DUBAI: Un incendie s'est déclaré vendredi dans une raffinerie de la compagnie pétrolière nationale du Koweït après des attaques de drones, a indiqué l'agence de presse officielle koweïtienne.

"La raffinerie Mina Al-Ahmadi, appartenant à la Kuwait National Petroleum Company (KNPC) a été la cible tôt ce matin de plusieurs attaques hostiles de drones, provoquant des incendies dans certaines de ses unités", selon l'agence, après une attaque la veille sur cette infrastructure qui avait déjà provoqué un incendie.

En représailles à l'offensive conjointe des Etats-Unis et d'Israël débutée le 28 février, Téhéran a intensifié ces derniers jours ses frappes sur les infrastructures énergétiques des pays du Golfe.

L'attaque de vendredi sur la raffinerie Mina Al-Ahmadi n'a pas fait de victime mais a entraîné la fermeture de plusieurs unités du site, tandis que les pompiers tentent de contenir l'incendie, selon l'agence officielle koweïtienne.

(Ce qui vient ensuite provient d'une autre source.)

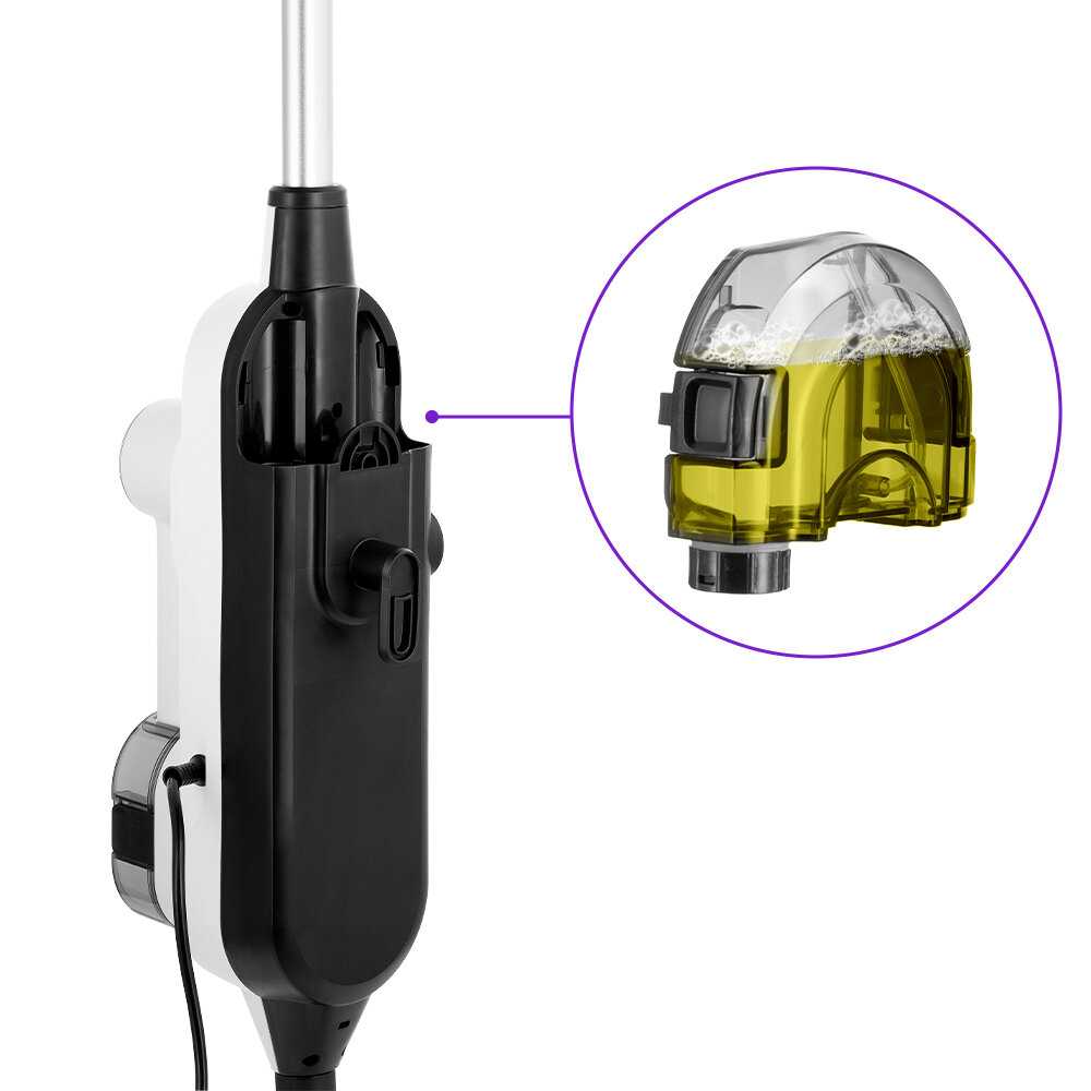 Резервуар на 50 мл – уникальная для сегмента особенность. Он дозированно подаёт раствор, но требует точного разведения. При концентрации выше 25% средство образует липкую плёнку на полу. Некоторые пользователи вообще отказались от химии, используя только пар. -

Dans les autres pays du Golfe, les Emirats arabes unis ont dit vendredi répondre à des attaques de missiles et de drones, et le Bahreïn avoir maîtrisé l'incendie d'un entrepôt causé par des éclats provenant d'une "agression iranienne".

En Arabie saoudite, le ministre de la Défense saoudien a dit qu'en l'espace de deux heures, plus d'une douzaine de drones ont été "interceptés et détruits" dans l'est du pays et un autre dans le nord.